The current Green Movement has been making waves across California, and all over the world. More and more of what was once a niche market of entrepreneurs is suddenly becoming something the mainstream media and business world is becoming a part of. While there are many cynics out there who believe that pro-environment means less freedom for the market, I think that many are realizing pro-environment helps small and big businesses sustain themselves and saves them costs in the long run.

The current oil crisis has made many of us realize that our dependence on fossil fuels must give way to renewables–or we will not only wipe out the world’s ecosystems but deprive our future generations from enjoying beautiful wetlands and access to fresh water. Out of this crisis people can do some good for each other by lessening their dependence on fossil fuels. By carpooling, taking public transportation, and investing in smartstrips for the home and office, we can help our environment and save more money in the long run! (See www.vampirepowersucks.com to see how to stop energy vampires from sucking the money out of your wallet!) When there are so many struggling to make ends meet–conserving money while helping the environment doesn’t sound like a bad idea.

Investing in the environment in order to stimulate job growth isn’t such a bad idea to look into either. According to an article posted by CleanTechnica.com, steel workers are now finding themselves in green jobs. This is due to a new wind farm in Missouri. The wind farm has turbines that sit on land leased on existing farms that continue to operate. So instead of destroying the local ecology, like a big dam can do, the wind-farm is able to operate on a farm without much or any ecological devestation to the community. The article also states that the wind farm pays taxes, supports schools, roads, and creates new green jobs. (www.CleanTechnica.com)

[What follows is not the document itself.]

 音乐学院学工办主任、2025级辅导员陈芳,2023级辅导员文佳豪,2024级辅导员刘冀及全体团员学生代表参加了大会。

Many of us have heard a lot about stimulus packages in the news–but have we seen them put into place to create new jobs, especially green jobs?  Well one county in California is doing just that. According to an article in the Mercury News, San Mateo County’s Human Services agency was awarded almost 3 million by the United States Department for a project that prepares unemployed workers, particularly veterans, for environmental careers. Representative Anna Eshoo, D-Palo Alto, stated, “The funding is great news for San Mateo County because trained job seekers will be matched with employers..By helping workers enter the fast-growing, critically important energy sector, the (retrofit-training) project will help create lasting employment and reduce our energy footprint.” (www.mercurynews.com)

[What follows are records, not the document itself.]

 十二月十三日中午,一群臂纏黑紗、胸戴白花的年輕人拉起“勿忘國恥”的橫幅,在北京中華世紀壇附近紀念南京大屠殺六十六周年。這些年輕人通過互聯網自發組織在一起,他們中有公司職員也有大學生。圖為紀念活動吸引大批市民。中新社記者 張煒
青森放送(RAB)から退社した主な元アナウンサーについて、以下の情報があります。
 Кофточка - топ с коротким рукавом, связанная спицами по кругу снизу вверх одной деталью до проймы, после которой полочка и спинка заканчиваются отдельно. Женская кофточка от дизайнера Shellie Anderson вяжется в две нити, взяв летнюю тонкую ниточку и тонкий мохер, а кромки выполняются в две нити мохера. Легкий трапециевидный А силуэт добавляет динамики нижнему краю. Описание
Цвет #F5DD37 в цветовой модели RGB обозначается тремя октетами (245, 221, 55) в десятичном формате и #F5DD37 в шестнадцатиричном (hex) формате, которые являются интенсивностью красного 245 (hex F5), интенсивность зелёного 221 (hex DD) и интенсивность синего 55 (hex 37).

So why have a negative attitude about the future when you can be part of the solution, instead of the problem? While it’s great to be cynical once in awhile, we can all do our part to start conserving energy today and be part of the solution to the energy crisis. This means advocating for cleaner energy and making steps to conserve energy, like cutting down your use of plastics and turning off the light when you leave the room. The Green Movement is everywhere you go and small steps begin to lead to bigger steps. The journey of a thousand miles begins with one step–so take one small step at a time.